WASHINGTON — The Justice Department is plowing ahead with its plan to resume federal executions next week for the first time in more than 15 years, despite the coronavirus pandemic raging both inside and outside prisons and stagnating national support for the death penalty.

Three people are scheduled to die by lethal injection in one week at an Indiana prison, beginning Monday. Bureau of Prisons officials insist they will be able to conduct the executions safely and have been holding practice drills for months.

Family members of the victims and the inmates will be able to attend but will be required to wear face masks. Prison officials will take temperature checks. The agency will also make personal protective equipment, including masks, gloves, gowns and face shields, available for witnesses, but there are no plans to test anyone attending the executions for COVID-19, officials said.

The decision to go ahead with the executions has been criticized as a dangerous and political move by an administration that at times seems disinterested in addressing racial disparities in the death penalty and larger criminal justice system. Critics argue the government is instead creating an unnecessary and manufactured urgency around a topic that isn’t high on the list of American concerns right now, when more than 130,000 people have died of the coronavirus in the United States and the unemployment rate is 11%.

“Why would anybody who is concerned about public health and safety want to bring in people from all over the country for three separate execution in the span of five days to a virus hot spot?” questioned Robert Dunham of the Death Penalty Information Center, a nonpartisan organization that collects information on capital punishment.

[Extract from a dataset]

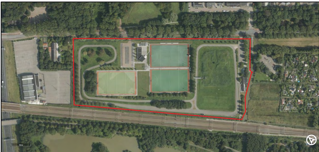
Figuur 1. Begrenzing onderzoeksgebied, zoals aangeleverd door de opdrachtgever.

Saricon heeft in opdracht van Begeleiding en Advies Sportterreinen een beknopte risicoanalyse (RA) uitgevoerd vanwege de aanwezigheid van een Duitse loopgraaf en een wapenopstelling tijdens de Tweede Wereldoorlog binnen de grenzen van het project 'herstructureren sportpark Elsenburg aan de Lange Kleiweg 106 in Rijswijk'.

“The original execution plan last year appeared to be political. And the current plan eliminates any doubt about that,” he said.

Attorney General William Barr has denied that politics played a role in the decision last year to resume executions, which ended an informal freeze on imposition of federal capital punishment. Barr has said the government has an obligation to carry out the sentences, including the death penalty, that are imposed by courts, and that the Justice Department owes it to the families of the victims and others in their communities to do so.

“The American people, acting through Congress and Presidents of both political parties, have long instructed that defendants convicted of the most heinous crimes should be subject to a sentence of death,” Barr said in a statement last month.

But before the pandemic, the economy and health care were Americans’ top priorities for the government to work on in 2020, with 59% and 50% naming the two, respectively, in an open-ended question in an Associated Press-NORC poll from December. Some 35% said immigration was one of the most important issues the government should work on in 2020, and about as many referenced politics or partisan gridlock.

The percentage of Americans in favor of the death penalty stood at 60% in the 2018 General Social Survey, a long-running trends survey.